**Input data:**
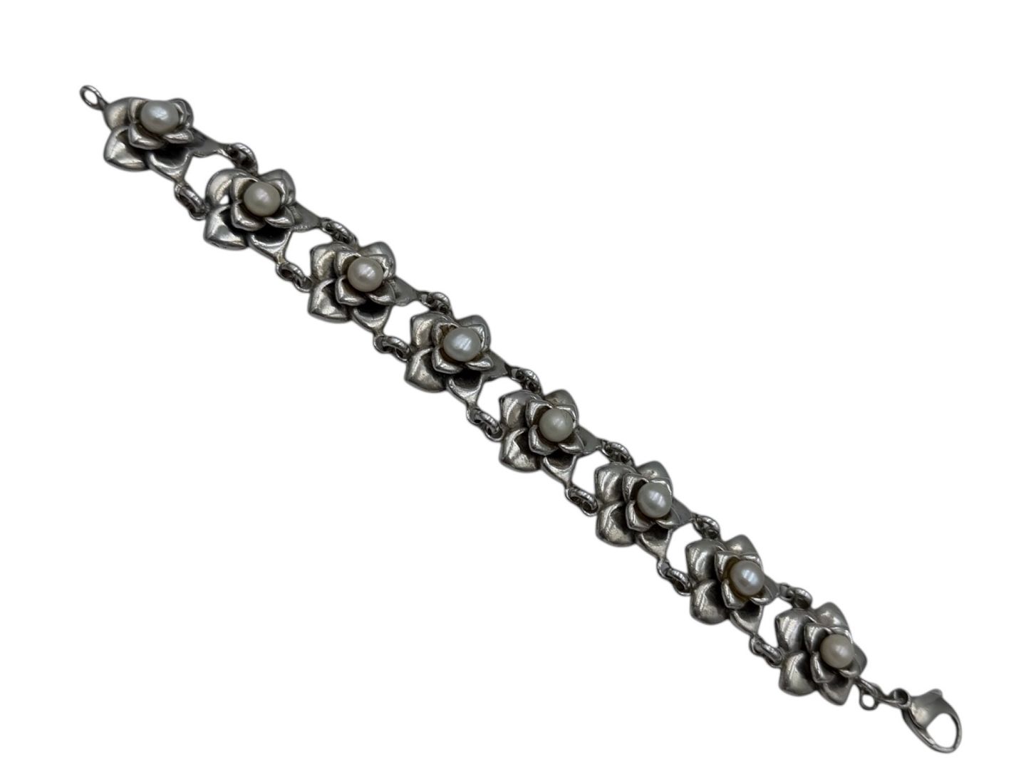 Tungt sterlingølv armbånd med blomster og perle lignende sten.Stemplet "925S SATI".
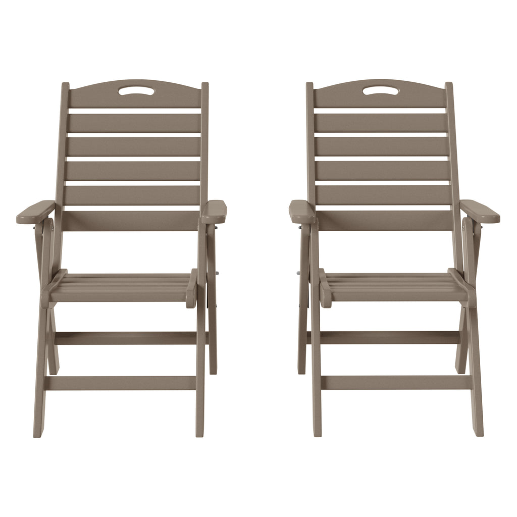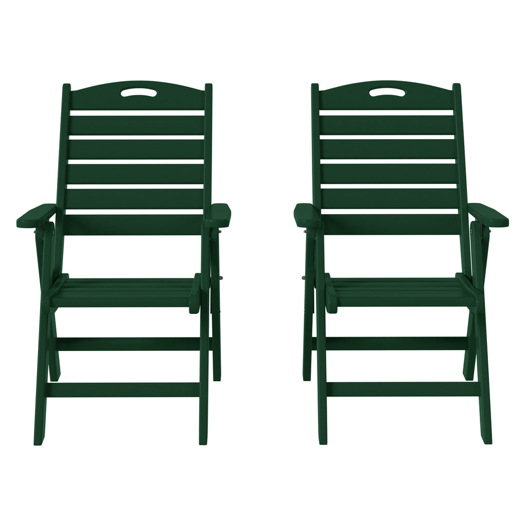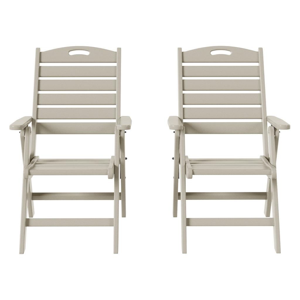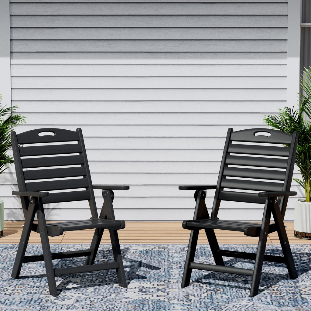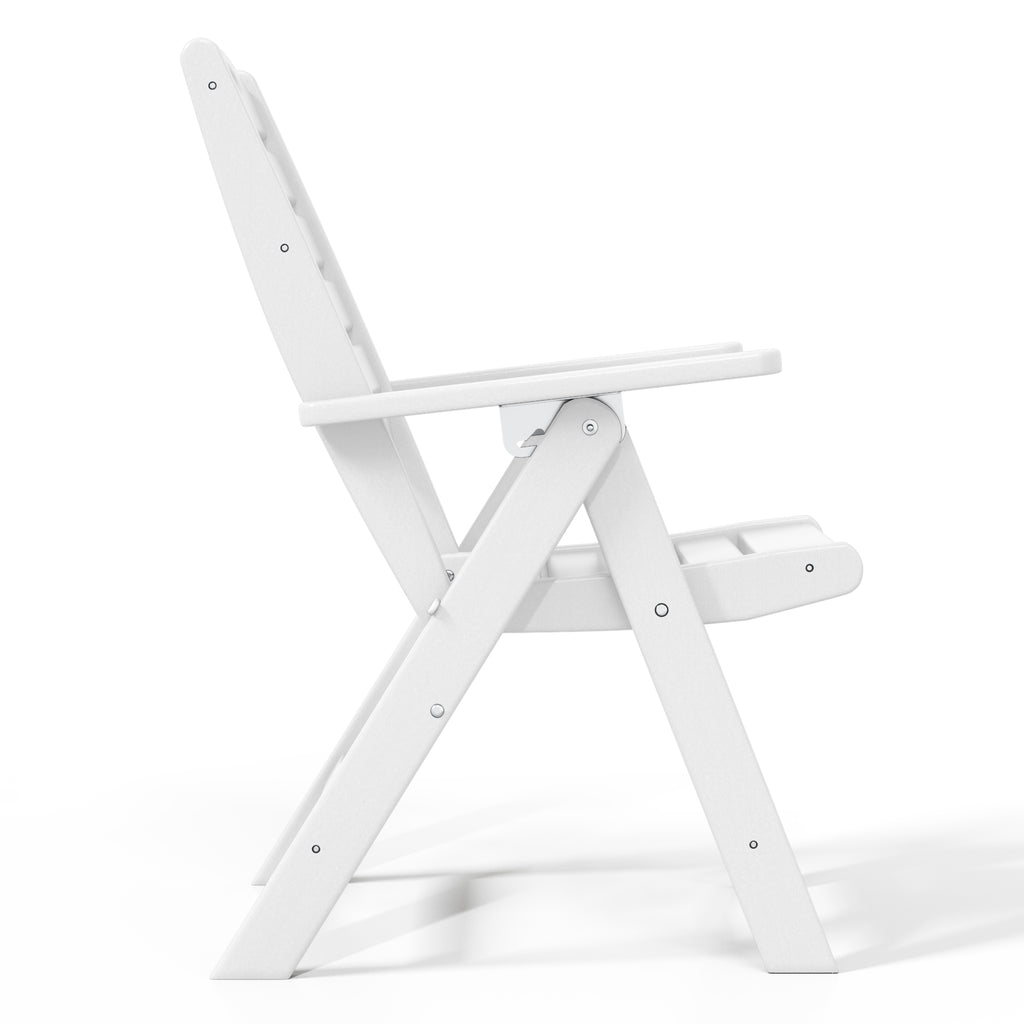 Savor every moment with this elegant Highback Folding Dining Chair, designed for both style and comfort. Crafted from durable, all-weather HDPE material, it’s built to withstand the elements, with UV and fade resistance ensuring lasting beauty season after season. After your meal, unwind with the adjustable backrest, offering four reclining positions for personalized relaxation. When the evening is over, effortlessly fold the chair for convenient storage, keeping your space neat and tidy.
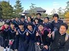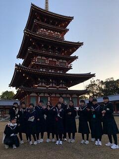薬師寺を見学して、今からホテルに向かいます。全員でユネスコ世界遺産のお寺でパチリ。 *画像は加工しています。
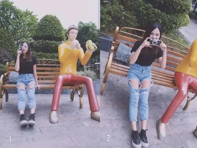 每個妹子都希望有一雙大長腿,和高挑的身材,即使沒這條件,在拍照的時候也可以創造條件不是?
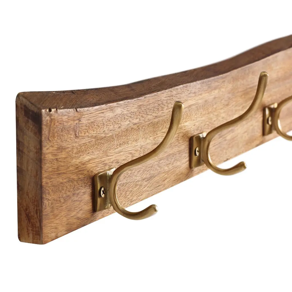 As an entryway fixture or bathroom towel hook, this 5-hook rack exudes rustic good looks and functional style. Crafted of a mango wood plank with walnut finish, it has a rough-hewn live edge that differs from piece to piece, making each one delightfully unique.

**Directions:**
Set down all of the entries exactly as they stand, without any image.

**Response:**
 Tungt sterlingølv armbånd med blomster og perle lignende sten.Stemplet "925S SATI".
 Savor every moment with this elegant Highback Folding Dining Chair, designed for both style and comfort. Crafted from durable, all-weather HDPE material, it’s built to withstand the elements, with UV and fade resistance ensuring lasting beauty season after season. After your meal, unwind with the adjustable backrest, offering four reclining positions for personalized relaxation. When the evening is over, effortlessly fold the chair for convenient storage, keeping your space neat and tidy.
薬師寺を見学して、今からホテルに向かいます。全員でユネスコ世界遺産のお寺でパチリ。 *画像は加工しています。
 每個妹子都希望有一雙大長腿,和高挑的身材,即使沒這條件,在拍照的時候也可以創造條件不是?
 As an entryway fixture or bathroom towel hook, this 5-hook rack exudes rustic good looks and functional style. Crafted of a mango wood plank with walnut finish, it has a rough-hewn live edge that differs from piece to piece, making each one delightfully unique.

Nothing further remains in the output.